Les États-Unis ont discrètement mis fin à la production de pièces d’un cent, laissant derrière eux un mystère : que faire des quelque 300 milliards de centimes en circulation ? Contre toute attente, aucune stratégie n’a été mise en place pour gérer ce trésor de cuivre et de zinc.
L’annonce, faite par la Monnaie américaine, a pris de court observateurs et experts. La décision de cesser la frappe des centimes, effective immédiatement, s’appuie sur le titre 31, section 5111 du Code des lois des États-Unis, qui autorise le secrétaire au Trésor à suspendre la production de certaines pièces. Pourtant, le sort réservé à l’énorme quantité de centimes déjà en circulation reste flou.
Selon la Monnaie américaine, il y aurait actuellement 300 milliards de pièces d’un cent en circulation. Un chiffre qui, si l’on s’y fie, dépasserait le nombre d’étoiles dans la Voie lactée. La question de savoir comment gérer cette masse monétaire semble pourtant ne pas avoir été anticipée.
« Nous n’avons connaissance d’aucun projet de publication de directives d’arrondi », a déclaré Andrew Von Ah, directeur de l’infrastructure physique du Government Accountability Office (GAO). En 2019, le GAO avait déjà souligné la nécessité d’une campagne d’information et de conseils sur l’arrondissement des transactions en espèces avant une éventuelle suppression du centime. À ce stade, aucun plan n’est non plus en cours pour retirer les centimes de la circulation ou pour atténuer les problèmes potentiels liés à leur disparition.
Le coût de fabrication d’un centime dépasse les trois cents, ce qui a longtemps alimenté les débats sur son utilité. Pourtant, personne ne semble se soucier de ce paradoxe. Les responsables de la Monnaie, interrogés à ce sujet, ont affiché une certaine gêne, confirmant qu’ils étaient soulagés de s’éloigner de ces pièces.

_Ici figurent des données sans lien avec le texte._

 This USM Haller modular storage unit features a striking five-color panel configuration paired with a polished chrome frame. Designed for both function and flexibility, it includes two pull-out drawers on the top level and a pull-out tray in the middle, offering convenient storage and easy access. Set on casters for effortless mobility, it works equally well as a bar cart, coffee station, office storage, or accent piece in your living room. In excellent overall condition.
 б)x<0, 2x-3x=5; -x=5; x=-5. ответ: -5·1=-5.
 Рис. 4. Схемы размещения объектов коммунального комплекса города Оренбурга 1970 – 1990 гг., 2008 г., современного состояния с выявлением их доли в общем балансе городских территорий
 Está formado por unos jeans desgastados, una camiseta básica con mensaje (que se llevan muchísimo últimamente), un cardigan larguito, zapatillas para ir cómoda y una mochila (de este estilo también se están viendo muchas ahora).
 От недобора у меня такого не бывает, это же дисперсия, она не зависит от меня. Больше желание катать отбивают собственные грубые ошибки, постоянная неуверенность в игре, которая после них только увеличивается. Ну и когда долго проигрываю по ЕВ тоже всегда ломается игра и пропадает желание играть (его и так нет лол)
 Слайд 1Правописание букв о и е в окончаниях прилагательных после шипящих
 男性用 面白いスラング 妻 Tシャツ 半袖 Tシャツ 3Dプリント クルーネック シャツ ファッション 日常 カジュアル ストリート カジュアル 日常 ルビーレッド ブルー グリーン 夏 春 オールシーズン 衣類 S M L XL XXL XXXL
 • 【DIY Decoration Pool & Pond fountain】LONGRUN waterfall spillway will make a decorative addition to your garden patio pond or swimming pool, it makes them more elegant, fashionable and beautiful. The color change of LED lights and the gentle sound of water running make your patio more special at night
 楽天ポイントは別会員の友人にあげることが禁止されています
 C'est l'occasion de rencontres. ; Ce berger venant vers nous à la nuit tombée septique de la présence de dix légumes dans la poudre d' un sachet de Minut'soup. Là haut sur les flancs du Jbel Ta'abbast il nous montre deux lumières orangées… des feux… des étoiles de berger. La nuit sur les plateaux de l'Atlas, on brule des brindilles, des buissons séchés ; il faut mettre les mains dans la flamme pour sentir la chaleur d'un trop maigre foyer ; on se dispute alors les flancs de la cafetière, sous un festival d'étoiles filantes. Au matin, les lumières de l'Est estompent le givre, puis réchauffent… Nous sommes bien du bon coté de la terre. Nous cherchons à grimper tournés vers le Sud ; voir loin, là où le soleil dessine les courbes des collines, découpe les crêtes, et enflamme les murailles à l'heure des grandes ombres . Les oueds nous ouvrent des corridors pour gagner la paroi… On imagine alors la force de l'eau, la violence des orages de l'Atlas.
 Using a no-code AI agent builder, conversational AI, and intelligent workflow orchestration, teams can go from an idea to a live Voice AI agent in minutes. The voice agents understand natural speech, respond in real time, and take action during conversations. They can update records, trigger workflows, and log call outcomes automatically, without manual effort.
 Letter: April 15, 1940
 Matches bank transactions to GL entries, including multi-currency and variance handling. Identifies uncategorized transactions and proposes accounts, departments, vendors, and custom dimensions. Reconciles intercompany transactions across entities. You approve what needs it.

Le problème principal des centimes ne réside pas tant dans leur valeur économique – qui représente environ 0 % de la masse monétaire totale des États-Unis – que dans leur accumulation. La plupart des pièces frappées ne sont jamais dépensées, créant un besoin constant de nouvelles pièces pour les transactions en espèces. Ce cycle perpétuel, qualifié de « paradoxe du centime », est une source d’absurdité pour de nombreux observateurs.
Le Canada offre un modèle de gestion de la suppression d’une pièce de monnaie. En 2012, lorsque le coût de fabrication des pièces d’un cent a atteint 1,6 cent, le gouvernement canadien a annoncé l’arrêt de la production et le retrait progressif des pièces de la circulation. Une campagne d’information du public a été lancée, expliquant la logique de cette décision et fournissant des conseils sur l’arrondissement des transactions. Plus de 15 000 tonnes de centimes ont depuis été recyclées, compensant ainsi une partie des coûts de transport et évitant leur accumulation dans les décharges.
Le recyclage des centimes américains pourrait s’avérer plus complexe, car ils sont principalement constitués de zinc, un métal moins valorisé que le cuivre. De plus, la séparation du zinc et du cuivre est techniquement difficile. Le processus d’extraction du zinc est également considéré comme « très impur et toxique », selon un professeur de l’École des mines du Colorado.
En l’absence de plan gouvernemental clair, le sort des 300 milliards de centimes américains reste incertain. Les Américains, qui ont déjà l’habitude de stocker ces pièces dans leurs voitures, leurs canapés et leurs tirelires, devront continuer à gérer ce fardeau. Le gouvernement, quant à lui, semble considérer le problème des centimes comme relevant de la responsabilité de ses citoyens.